- **INPUT DATA**:
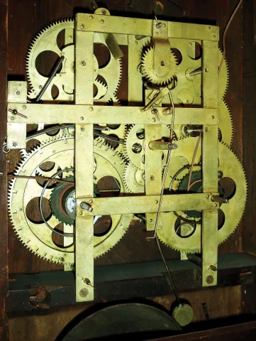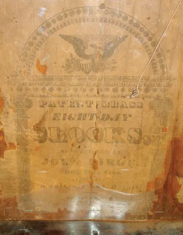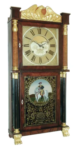 John Birge, Bristol, Conn., 8 days, time and strike, weight driven early strap brass movement double decker shelf clock, c1831 Refinished mahogany veneered case with a small piece of veneer missing on the lower left corner of the bottom door and some small damage on the bottom left corner of the upper door. Gilding, paint and graining on the columns, splat and feet have been restored. Tablet is a replacement. Original painted dial is very clean. Mirror behind the dial has been restored. Interesting use of mirrors behind the lower columns. Hands are original. Ht 38"
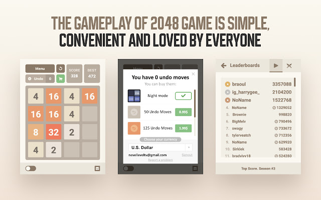 该扩展程序是弹出窗口中的原始2048益智游戏。在浏览器面板上可以访问它。 2048游戏还具有其他Mod,它是完全免费的!
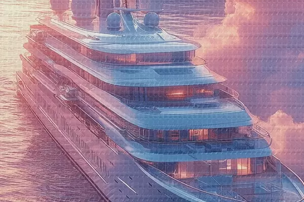 Ronde schilderijen Cruiseschip tegen een roze zonsondergang Nr r42085
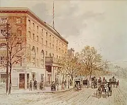 The city's first school, the Western School, opened on the south side of Pennsylvania Avenue between 17th and 18th Streets NW in January 1806.[38] The city's first sewer pipe was laid under Pennsylvania Avenue in 1829.[39] By 1835, Pennsylvania Avenue was largely lined by two- to four-story Federalist row houses.[40] The Baltimore and Ohio Railroad converted a house at the corner of 2nd Street NW and Pennsylvania Avenue into the city's first train station.[41] It was abandoned in 1851 when the station moved to a more long-lasting location at New Jersey Avenue and C Street NW.[42] The same year, the National Theatre opened on December 7.[43] It was followed by the 400-seat Odeon in 1846, the 1,000-seat Adelphi in 1847, and Metzerott Hall in the 1860s.[44] President Andrew Jackson approved the construction of the Treasury Building in 1836 (it was completed the following year), but the size and height of the building forced a rerouting of Pennsylvania Avenue and blocked the view of the White House from L'Enfant's "Grand Avenue."[45] The city's first stock brokerage was opened by William W. Corcoran at 15th and Pennsylvania Avenue in 1837.[46] The city blocks where the National Gallery of Art now stands became a fashionable residential area in the 1830s.[47]
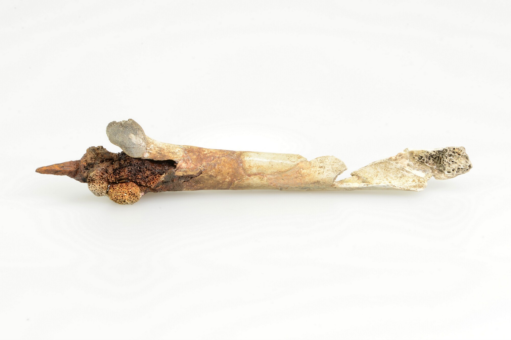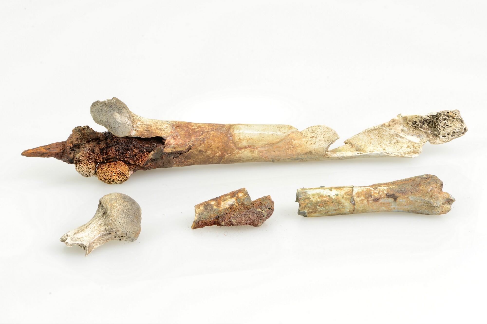 Priem; verbrand bot met punt van ijzer; meerdere niet bijbehorende fragmenten verbrand bot
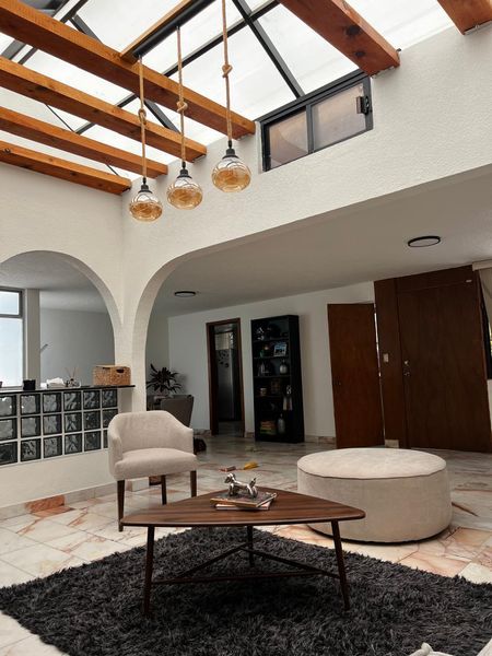 Una puerta grande da entrada a este Bello hogar. Donde sala grande recibe, invitando a conversar, chimenea de diseño cosmopolita de forma contigua, su comedor y mucho espacio para convivir y celebrar su vida, Gran domo tragaluz, envigado tipo pergola.
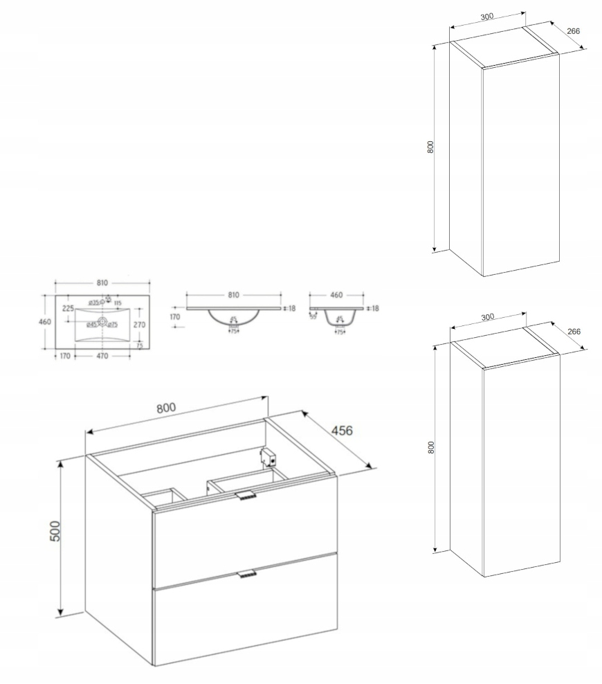 Dopełnieniem zestawu jest wiszący słupek złożony z dwóch półsłupków, w których znajduje się łącznie sześć praktycznych przestrzeni do przechowywania – dzięki dwóm wewnętrznym półkom w każdej części. To doskonałe miejsce na ręczniki, kosmetyki i wszystkie niezbędne akcesoria, utrzymując porządek i organizację w łazience. Brak uchwytów i system SOFT CLOSE w drzwiach podkreślają nowoczesny styl kolekcji.
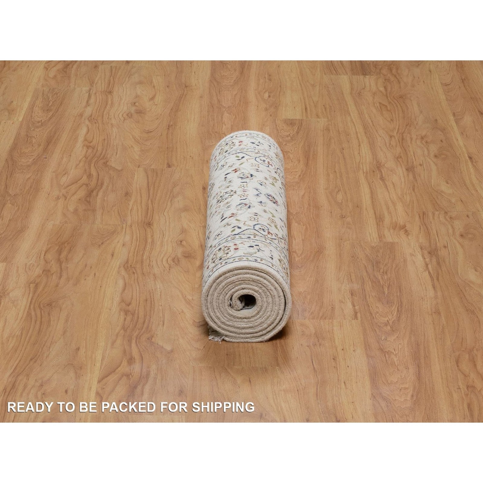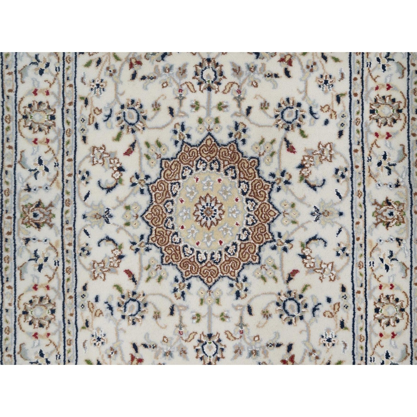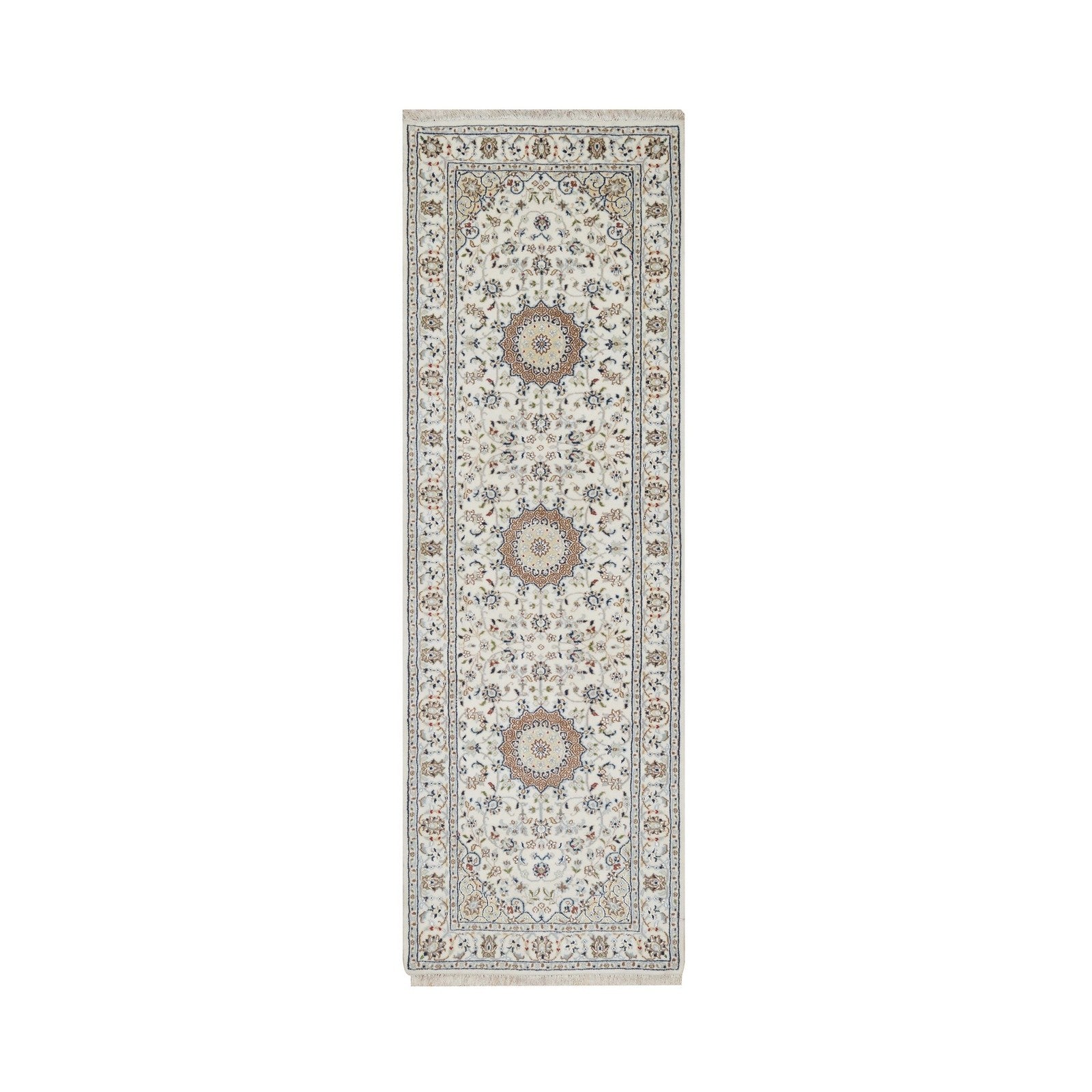 2'7"X8' Ivory Nain Medallion Design Hand Knotted Wool And Silk Runner Rug
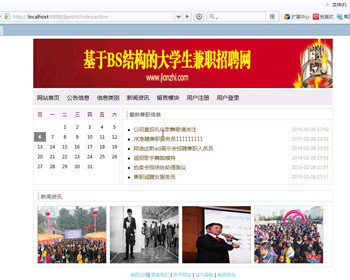 前台:网站首页 公告信息 浏览兼职信息 新闻资讯 留言模块 用户注册
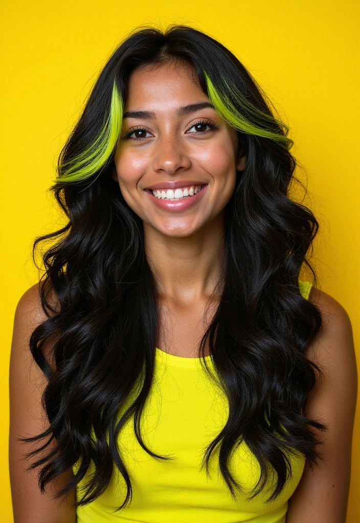 If you’re sporting a bold personality, then neon green highlights are the perfect choice! This bright, striking color demands attention and is perfect for those who want to express their fun side. Neon green stands out beautifully against black hair, creating an edgy look that’s perfect for festivals or parties.
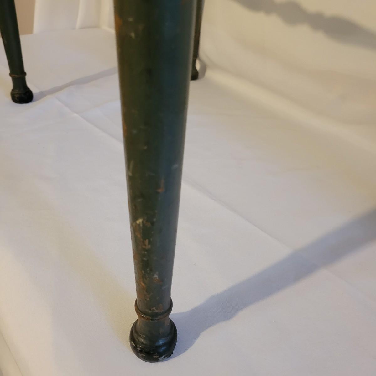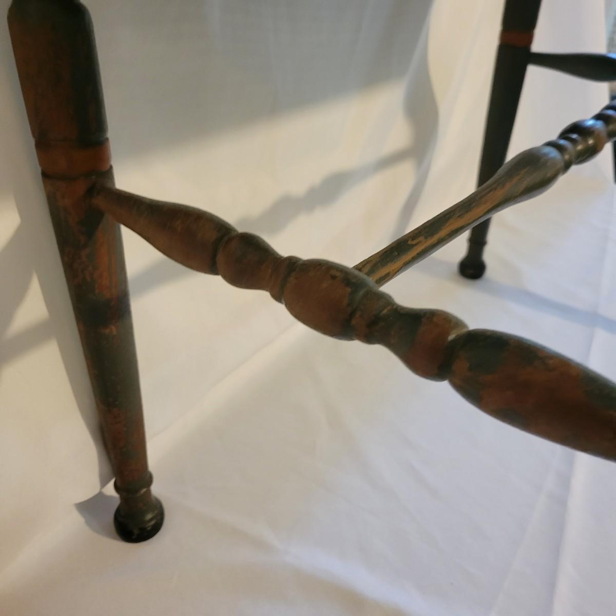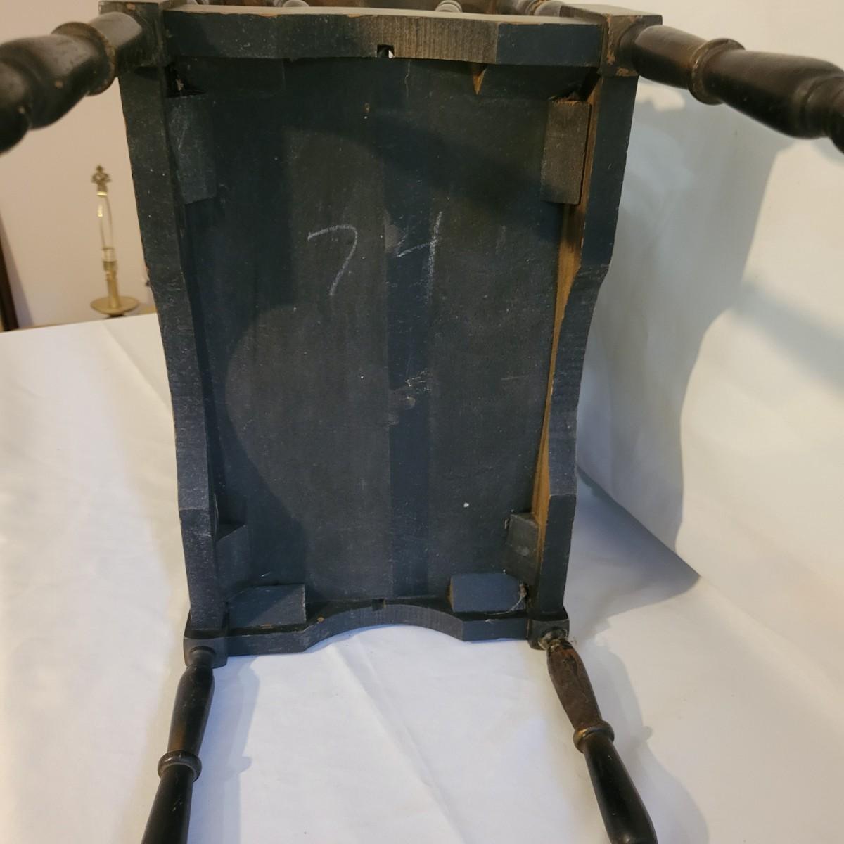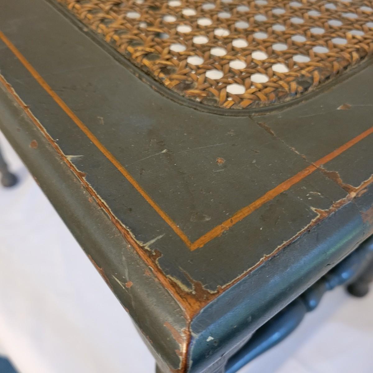 A wooden vanity stool with a woven cane seat in good condition. The stool does show some worn paint, but is still solidly constructed. Also included is a wooden magazine rack that is painted black with floral details painted on. Rack is in good condition, but does have some areas where the paint has worn off. Magazine rack measures approximately 16" x 10" x 26". Local pickup only.
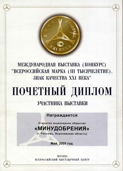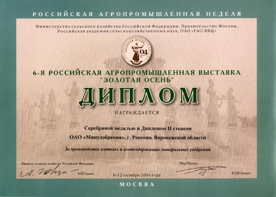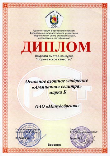 Minudobreniya JSC was presented with two diplomas for the product quality at the public showing contest «Voronezhskoje Kachestvo (Voronezh Qality) 2004» in Voronezh. |
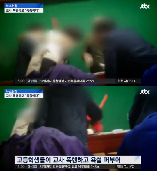 최근 각종 SNS와 온라인커뮤니티를 통해 빠르게 확산되고 있는 일명 '교사 폭행사건' 영상은 충격적이다. 영상에는 한 남학생이 교단 앞으로 나오더니 빗자루로 교사의 팔을 때리기 시작하더니 "야, 이 XXX아!"라는 막말을 하는가 하면 손으로 머리를 밀치고, 침을 뱉는다.
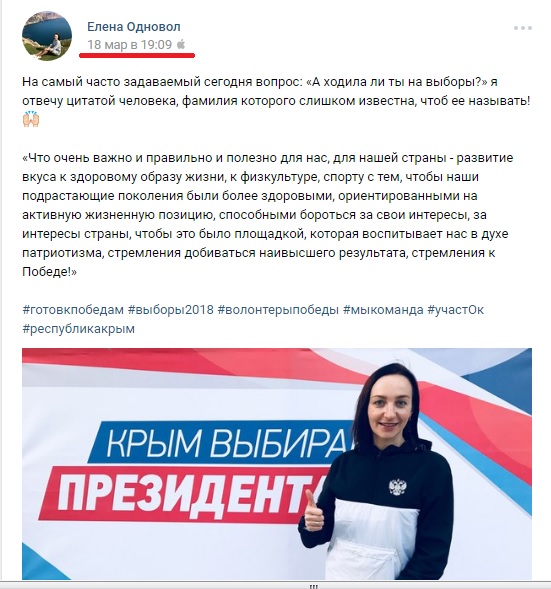 Содержание страниц Одновол в соцсетях свидетельствует о том, что она не только сама ходила голосовать на выборы российского президента, но и призывала к этому крымских студентов.
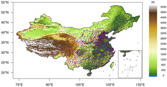 Geolocation of the stations used in this study over China. The sites of training and validation data for the near-surface air temperature (Ta) estimation model are marked in blue and red colors.
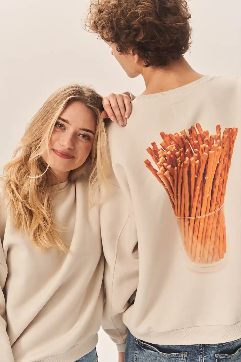 Paluszki, klasyk każdego spotkania towarzyskiego, wylądowały na mięsistej, beżowej bluzie, w kroju odpowiednim dla każdej płci i wielu różnych sylwetek. Od frontu klasyczny, beżowy gładzioch, na plecach duży paluszkowy druk. W środku wykończona miziastym, milutkim misiem.

- **YOUR GOAL**: Although the records contain pictures, only the text should be copied, exactly as it stands.

- **EXERCISE RESULT**:
 John Birge, Bristol, Conn., 8 days, time and strike, weight driven early strap brass movement double decker shelf clock, c1831 Refinished mahogany veneered case with a small piece of veneer missing on the lower left corner of the bottom door and some small damage on the bottom left corner of the upper door. Gilding, paint and graining on the columns, splat and feet have been restored. Tablet is a replacement. Original painted dial is very clean. Mirror behind the dial has been restored. Interesting use of mirrors behind the lower columns. Hands are original. Ht 38"
 该扩展程序是弹出窗口中的原始2048益智游戏。在浏览器面板上可以访问它。 2048游戏还具有其他Mod,它是完全免费的!
 Ronde schilderijen Cruiseschip tegen een roze zonsondergang Nr r42085
 The city's first school, the Western School, opened on the south side of Pennsylvania Avenue between 17th and 18th Streets NW in January 1806.[38] The city's first sewer pipe was laid under Pennsylvania Avenue in 1829.[39] By 1835, Pennsylvania Avenue was largely lined by two- to four-story Federalist row houses.[40] The Baltimore and Ohio Railroad converted a house at the corner of 2nd Street NW and Pennsylvania Avenue into the city's first train station.[41] It was abandoned in 1851 when the station moved to a more long-lasting location at New Jersey Avenue and C Street NW.[42] The same year, the National Theatre opened on December 7.[43] It was followed by the 400-seat Odeon in 1846, the 1,000-seat Adelphi in 1847, and Metzerott Hall in the 1860s.[44] President Andrew Jackson approved the construction of the Treasury Building in 1836 (it was completed the following year), but the size and height of the building forced a rerouting of Pennsylvania Avenue and blocked the view of the White House from L'Enfant's "Grand Avenue."[45] The city's first stock brokerage was opened by William W. Corcoran at 15th and Pennsylvania Avenue in 1837.[46] The city blocks where the National Gallery of Art now stands became a fashionable residential area in the 1830s.[47]
 Priem; verbrand bot met punt van ijzer; meerdere niet bijbehorende fragmenten verbrand bot
 Una puerta grande da entrada a este Bello hogar. Donde sala grande recibe, invitando a conversar, chimenea de diseño cosmopolita de forma contigua, su comedor y mucho espacio para convivir y celebrar su vida, Gran domo tragaluz, envigado tipo pergola.
 Dopełnieniem zestawu jest wiszący słupek złożony z dwóch półsłupków, w których znajduje się łącznie sześć praktycznych przestrzeni do przechowywania – dzięki dwóm wewnętrznym półkom w każdej części. To doskonałe miejsce na ręczniki, kosmetyki i wszystkie niezbędne akcesoria, utrzymując porządek i organizację w łazience. Brak uchwytów i system SOFT CLOSE w drzwiach podkreślają nowoczesny styl kolekcji.
 2'7"X8' Ivory Nain Medallion Design Hand Knotted Wool And Silk Runner Rug
 前台:网站首页 公告信息 浏览兼职信息 新闻资讯 留言模块 用户注册
 If you’re sporting a bold personality, then neon green highlights are the perfect choice! This bright, striking color demands attention and is perfect for those who want to express their fun side. Neon green stands out beautifully against black hair, creating an edgy look that’s perfect for festivals or parties.
 A wooden vanity stool with a woven cane seat in good condition. The stool does show some worn paint, but is still solidly constructed. Also included is a wooden magazine rack that is painted black with floral details painted on. Rack is in good condition, but does have some areas where the paint has worn off. Magazine rack measures approximately 16" x 10" x 26". Local pickup only.
 Minudobreniya JSC was presented with two diplomas for the product quality at the public showing contest «Voronezhskoje Kachestvo (Voronezh Qality) 2004» in Voronezh. |
 최근 각종 SNS와 온라인커뮤니티를 통해 빠르게 확산되고 있는 일명 '교사 폭행사건' 영상은 충격적이다. 영상에는 한 남학생이 교단 앞으로 나오더니 빗자루로 교사의 팔을 때리기 시작하더니 "야, 이 XXX아!"라는 막말을 하는가 하면 손으로 머리를 밀치고, 침을 뱉는다.
 Содержание страниц Одновол в соцсетях свидетельствует о том, что она не только сама ходила голосовать на выборы российского президента, но и призывала к этому крымских студентов.
 Geolocation of the stations used in this study over China. The sites of training and validation data for the near-surface air temperature (Ta) estimation model are marked in blue and red colors.
 Paluszki, klasyk każdego spotkania towarzyskiego, wylądowały na mięsistej, beżowej bluzie, w kroju odpowiednim dla każdej płci i wielu różnych sylwetek. Od frontu klasyczny, beżowy gładzioch, na plecach duży paluszkowy druk. W środku wykończona miziastym, milutkim misiem.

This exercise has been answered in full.